Eu tive depois alguns casos muito apertados e a esmo pedi para o Márcio. Vamos lá, estão dizendo que resolve o caso. Olhem, ele me resolveu sobretudo um caso, que era um caso que não tinha mais saída, não tinha! Tinha chegado ao último fôlego, ao último alento e não tinha mais saída. Eu olhava para o caso e era levado a rezar para o Márcio. Digo: “Quem sabe se o Márcio resolve esse caso”.

Começo a rezar para o Márcio, de repente eu vejo que não sei se a coisa começa a tomar jeito, toma mais um pouco de jeito, de repente anda um pouco, depois caminha mais, depois caminha bastante. À última hora da coisa começar — eu não digo a resolver‑se, mas caminhar para termos em que uma solução fosse possível — pluft: eu recebo um telefonema às três e meia da manhã, que me fazia ver que toda a coisa era impossível.

Eu rezei para o Márcio, rezei para o Márcio durante o telefonema. Eu sei que sou muito enigmático, mas só pode ser assim: a coisa cambaleou de todos os cambaleares durante o telefonema, e eu falando. A mulher que toma conta de mamãe, “mafiosa” e muito intrigada com esse telefonema às três e meia da manhã, e eu ainda obrigado a temperar a minha linguagem para que a mulher não percebesse o que era. E na outra ponta da linha ainda equilibrando a coisa. Numa cadeira giratória que faz assim, eu também cambaleava com a cadeira e telefonava.

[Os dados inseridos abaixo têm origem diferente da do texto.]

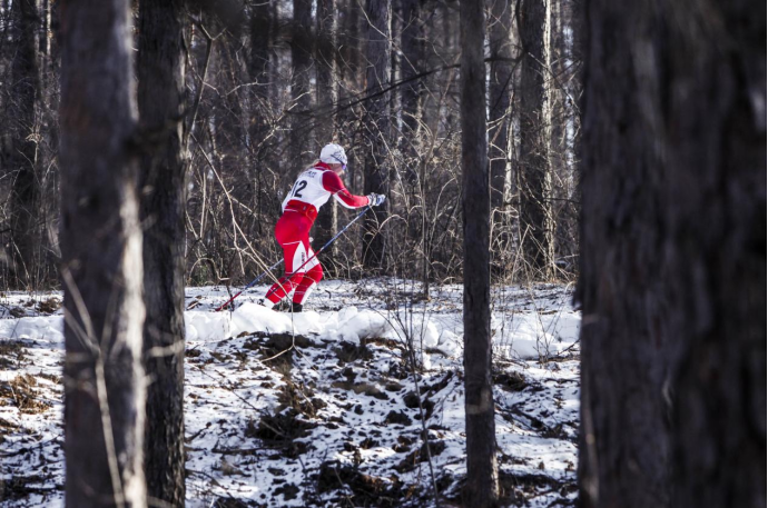 2016年1月4日,中國選手馬清華在比賽中。當日,2016中國長春凈月潭瓦薩國際越野滑雪節暨國際雪聯50公里積分賽在長春舉行,中國選手馬清華以2小時34分8秒1的成績奪得女子組冠軍。新華社記者 王昊飛 攝
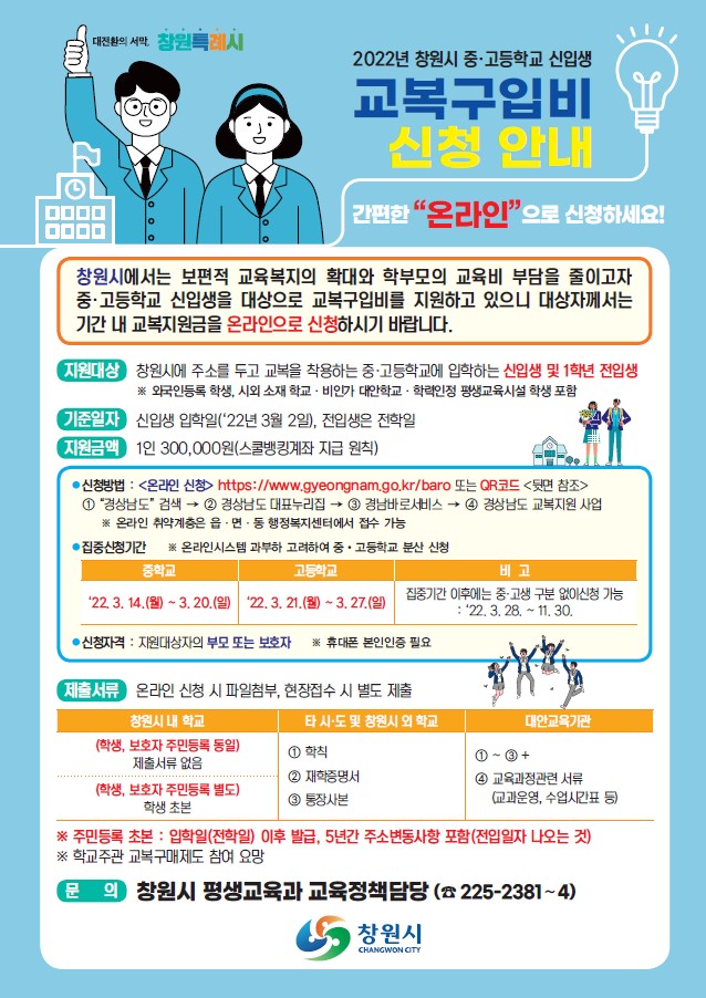 2022년 신입생 교복구입비 신청 안내

A coisa foi indo, foi indo, afinal andou. Depois, de lá para cá, eu vi várias pessoas receberem graças que eu controlei, e insignes, obtidas pela intercessão dele.

Pois bem, por incrível que pareça, não me passou pela cabeça de pedir a fotografia dele. De repente alguém me deu a fotografia dele. É uma cara ótima, mas realmente de menino extraordinário, mas extraordinário. Uma cara séria — como isso é raro no século XX — pensativa, meditativa, sem aquilo que nós na reunião do MNF chamamos de pecado criteriológico. Uma cara, mas verdadeiramente, excelente, superior, de inspirar toda confiança.

Eu só não posso compreender como é que esse menino esteve em São Paulo no “Congressinho”, com certeza naquela noite na cerimônia apertou minha mão, porque todos apertaram, e eu não vi o menino. Mas eu não posso fugir à impressão de que foi uma vítima suplementar que morreu, por um suplemento de pecados — e que grosso suplemento! — e que tenha vindo mais muitas graças para o Grupo. Porque depois disso, vieram para o Grupo muitas graças.

Finalmente eu teria que dizer que eu tenho impressão de que esta tal Graça de Nossa Senhora, esta tal Graça do Reino de Maria, algumas almas muito eleitas d’Ela, desde Elias até o fim do mundo, tiveram e terão. Mas eram fatos individuais, que passarão a ser um fato coletivo quando vier o Reino de Maria. Mas eu acho que Elias teve. Ele foi o primeiro. Se Elias teve, Eliseu teve, porque ele recebeu o espírito de Elias.

Aqui entra mais uma vez o tal mistério, que é o tal espírito que se comunica: o que é essa comunicação do espírito, como se faz, qual é a realidade? Par mim está imbricado nisso. E alguns que constituem uma linha pontilhada, não uma linha contínua, mas um pontilhado ao longo da História tiveram.

Eu acho que São Luiz Grignion de Montfort teve de um modo magnífico. Eu acho que quem quiser ter uma idéia de como foi Elias, pode ler na Bíblia, mas pode ler também o livro de São Luiz Grignion de Montfort, porque essas figuras, umas prefiguram as outras e seguem as outras, mais ou menos como os anticristos, prefigurativos ao longo da História do Anticristo.

Acho que São Grignion de Montfort foi eminentemente isso: uma espécie de Elias. E que há assim uma espécie de gotas de graça de Elias que caem de vez em quando. E que há uma era em que essa graça de Elias vai ser patenteada para o mundo inteiro e aqui então vai ser o Reino de Maria.